A ditadura da técnica e o protagonismo da televisão é tema recorrente na obra. Os animais ficam paralisados com a luz, e os homens com a luz das telas da televisão. E dos computadores, e da internet. Distraem-nos de qualquer outra atividade, e nos deixamos caçar como os irracionais. Esse mesma técnica que elimina o ócio das nossas vidas. “Carecemos de ócio porque nos acostumamos a medir o tempo de modo utilitarista, em termos de produção(..) É possível florescer a esta velocidade? Quando a meta é a produtividade, serão esses produtos verdadeiros frutos?” Desaparece o diálogo entre as pessoas: o que nos dizemos são mais cifras do que palavras, contem mais informação do que vida. O homem da pós modernidade está acorrentado às comodidades que lhe proporciona a técnica, não se atreve a mergulhar em experiências vitais como o amor o a solidariedade.
O utilitarismo arranca de nós a transcendência. Os antigos, os clássicos, acreditavam ser filhos dos deuses, e fazer parte de uma história sagrada. Nessa perspectiva, o homem pode ser servo, até escravo, mas nunca parte de uma engrenagem. O homem corre sem saber porque, em imitação gregária, e perde o foco. Sábato comenta, citando John Donne, que ninguém dorme na carroça que o conduz da cadeia ao patíbulo; mas todos dormimos do berço à sepultura, não estamos completamente despertos, e nos distraímos daquilo que é importante.

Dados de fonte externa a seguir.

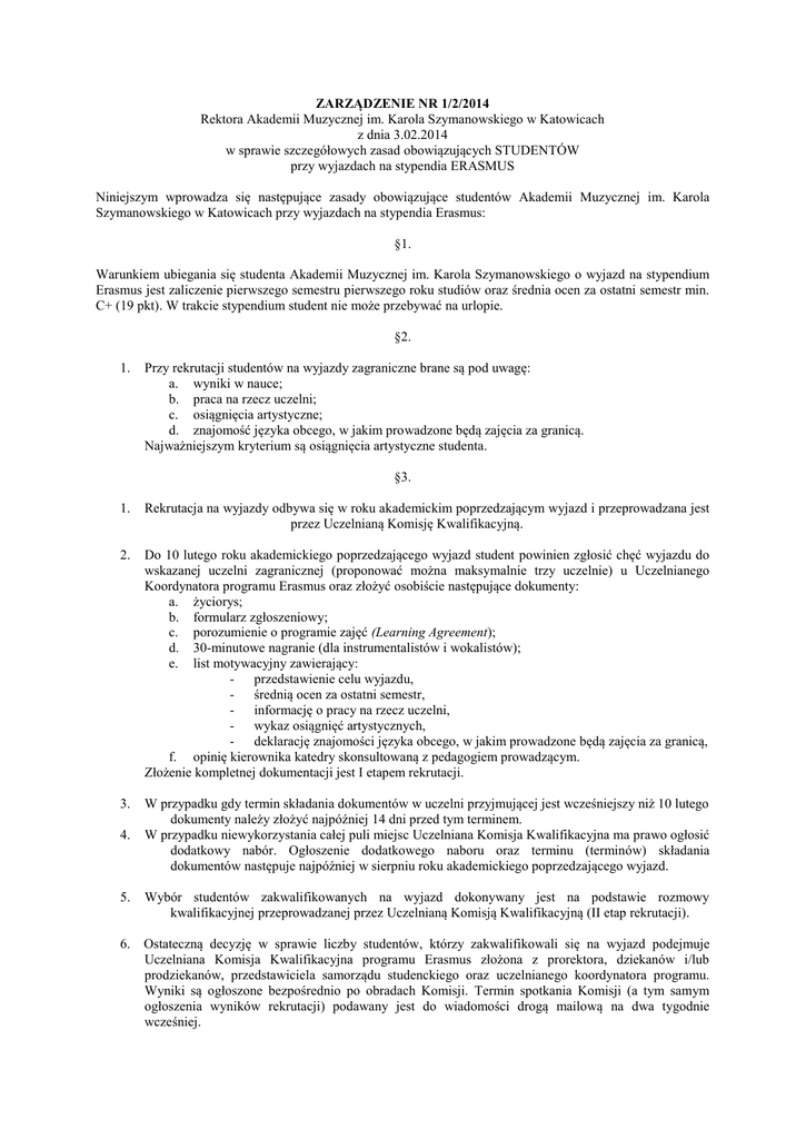 ZARZĄDZENIE NR 1/2/2014 Rektora Akademii Muzycznej im. Karola Szymanowskiego w Katowicach z dnia 3.02.2014 w sprawie szczegółowych zasad obowiązujących STUDENTÓW przy wyjazdach na stypendia ERASMUS Niniejszym wprowadza się następujące zasady obowiązujące studentów Akademii Muzycznej im. Karola Szymanowskiego w Katowicach przy wyjazdach na stypendia Erasmus: §1. Warunkiem ubiegania się studenta Akademii Muzycznej im. Karola Szymanowskiego o wyjazd na stypendium Erasmus jest zaliczenie pierwszego semestru pierwszego roku studiów oraz średnia ocen za ostatni semestr min. C+ (19 pkt). W trakcie stypendium student nie może przebywać na urlopie. §2. 1. Przy rekrutacji studentów na wyjazdy zagraniczne brane są pod uwagę: a. wyniki w nauce; b. praca na rzecz uczelni; c. osiągnięcia artystyczne; d. znajomość języka obcego, w jakim prowadzone będą zajęcia za granicą. Najważniejszym kryterium są osiągnięcia artystyczne studenta. §3. 1. Rekrutacja na wyjazdy odbywa się w roku akademickim poprzedzającym wyjazd i przeprowadzana jest przez Uczelnianą Komisję Kwalifikacyjną. 2. Do 10 lutego roku akademickiego poprzedzającego wyjazd student powinien zgłosić chęć wyjazdu do wskazanej uczelni zagranicznej (proponować można maksymalnie trzy uczelnie) u Uczelnianego Koordynatora programu Erasmus oraz złożyć osobiście następujące dokumenty: a. życiorys; b. formularz zgłoszeniowy; c. porozumienie o programie zajęć (Learning Agreement); d. 30-minutowe nagranie (dla instrumentalistów i wokalistów); e. list motywacyjny zawierający: - przedstawienie celu wyjazdu, - średnią ocen za ostatni semestr, - informację o pracy na rzecz uczelni, - wykaz osiągnięć artystycznych, - deklarację znajomości języka obcego, w jakim prowadzone będą zajęcia za granicą, f. opinię kierownika katedry skonsultowaną z pedagogiem prowadzącym. Złożenie kompletnej dokumentacji jest I etapem rekrutacji. 3. 4. W przypadku gdy termin składania dokumentów w uczelni przyjmującej jest wcześniejszy niż 10 lutego dokumenty należy złożyć najpóźniej 14 dni przed tym terminem. W przypadku niewykorzystania całej puli miejsc Uczelniana Komisja Kwalifikacyjna ma prawo ogłosić dodatkowy nabór. Ogłoszenie dodatkowego naboru oraz terminu (terminów) składania dokumentów następuje najpóźniej w sierpniu roku akademickiego poprzedzającego wyjazd. 5. Wybór studentów zakwalifikowanych na wyjazd dokonywany jest na podstawie rozmowy kwalifikacyjnej przeprowadzanej przez Uczelnianą Komisją Kwalifikacyjną (II etap rekrutacji). 6. Ostateczną decyzję w sprawie liczby studentów, którzy zakwalifikowali się na wyjazd podejmuje Uczelniana Komisja Kwalifikacyjna programu Erasmus złożona z prorektora, dziekanów i/lub prodziekanów, przedstawiciela samorządu studenckiego oraz uczelnianego koordynatora programu. Wyniki są ogłoszone bezpośrednio po obradach Komisji. Termin spotkania Komisji (a tym samym ogłoszenia wyników rekrutacji) podawany jest do wiadomości drogą mailową na dwa tygodnie wcześniej. 7. Wszystkim studentom ubiegającym się o wyjazd w ramach programu Erasmus przysługuje odwołanie od decyzji Komisji Kwalifikacyjnej. Odwołanie musi zostać złożone w formie pisemnej bezpośrednio do Uczelnianego Koordynatora programu Erasmus w terminie 7 dni od dnia ogłoszenia wyników rekrutacji przez Komisję. §4. 1. 2. Przed wyjazdem student zobowiązany jest do przedstawienia harmonogramu realizacji planu studiów uczelni uwzględniający sposób zaliczenia różnic programowych tj. przedmiotów obowiązujących w planie studiów Akademii Muzycznej w Katowicach, których realizacja w uczelni przyjmującej jest niemożliwa. Harmonogram należy przedstawić do dnia: - 31 września – dla studentów wyjeżdżających w semestrze zimowym; - 31 stycznia – dla studentów wyjeżdżających w semestrze letnim. 3. Różnice programowe zaliczane są przez pedagogów prowadzących poszczególne zajęcia w trybie uzgodnionym przed wyjazdem ze studentem. Różnice programowe należy zaliczyć jak najszybciej, nie później jednak niż do dnia: - 31 marca (semestr zimowy); - 30 września (semestr letni); Zalecanie jest uzupełnienie części różnic programowych przed wyjazdem. 4. Po powrocie student obowiązany jest przedłożyć: a. potwierdzenie realizacji okresu studiów w uczelni zagranicznej; b. wykaz ocen (Transcript of Records); c. wypełnioną ankietę (dostępną online). 5. O zaliczeniu przedmiotów zrealizowanych w uczelni przyjmującej decyduje Dziekan na podstawie „Wykazu ocen” („Transcript of Records”) zgodnie z punktacją ECTS stosowaną w Akademii. 6. Studentom podlegającym obowiązkowi wykonania recitalu dyplomowego (licencjackiego lub magisterskiego), których pobyt w uczelni zagranicznej przypada na ostatni semestr studiów I stopnia bądź III lub IV semestr studiów II stopnia, przyznaje się 5 godzin pracy z akompaniamentem, jeśli jest to niezbędne dla wykonania programu recitalu. §5. Wysokość stypendium ustala się według następujących zasad: 1. Wysokość stypendium jest uzależniona od długości pobytu obliczanej z dokładnością do 0,5 miesiąca oraz od kraju docelowego z uwzględnieniem dolnych i górnych limitów zdefiniowanych przez Narodową Agencję na dany rok akademicki. 2. W przypadku chęci przedłużenia pobytu w stosunku do pierwotnie ustalonego okresu Akademia nie może zagwarantować uzyskania dodatkowego stypendium. Możliwość zyskanie go w takim przypadku określają zasady w pkt. 3 poniżej. 3. Realokacja funduszy w wyniku rezygnacji beneficjentów z wyjazdów i/lub uzyskania dodatkowych środków z Narodowej Agencji odbywa się według następujących zasad: - w pierwszej kolejności środki przeznaczone będą na dofinansowanie większej liczby mobilności; - w drugiej kolejności środki będą w przypadku przedłużenia pobytu; - w przypadku, gdy wykorzystane zostaną 2 pierwsze możliwośc

Por isso urge reaprender e trazer de volta os valores de sempre. Aqueles que estão presentes na simplicidade dos jogos das crianças: o desinteresse, a dignidade, a grandeza diante da adversidade, as alegrias ingênuas, a coragem. E reaprender o que é gozar. “Estamos tão desorientados que cremos que gozar é fazer compras. Um luxo verdadeiro é um encontro humano, um momento de silencio diante da criação, o gozo de uma obra de arte ou de um trabalho bem feito. Gozos verdadeiros são aqueles que enchem a alma de gratidão e nos predispõem para o amor”.
Reaprender e resistir. Não com violência ou militância. Mas com a pequena vela que nos ajuda a esperar no meio da noite. Com o reconhecimento –diante da orfandade de tantos seres humanos- que é possível encontrar outro modo de viver, criar uma existência diferente. “A história é um conjunto de aberrações, guerras e perseguições, torturas e injustiças, mas é também o cenário onde milhões de homens e mulheres se sacrificam para cuidar dos outros. Eles incarnam a resistência. Um sacrifício que deve ser fecundo, e isso é por conta de cada um de nós. Porque o mundo nada pode contra um homem que canta no meio da miséria”.
Ernesto Sábato canta este minueto sedutor no meio da miséria do mundo que insiste em anular o ser humano. E propõe resistir. São estes pequenos livros –em papel gasto, manuseado- os que nos ajudam a fabricar nossa própria resistência. Provocam a reflexão, são as tábuas que nos salvam daquele naufrágio vital de que Ortega adverte na Rebelião da Massas, em contundente crítica à mediocridade. Música para os ouvidos, bálsamo para a alma. Definitivamente, algo que não consigo –nem quero- saborear na tela de um computador.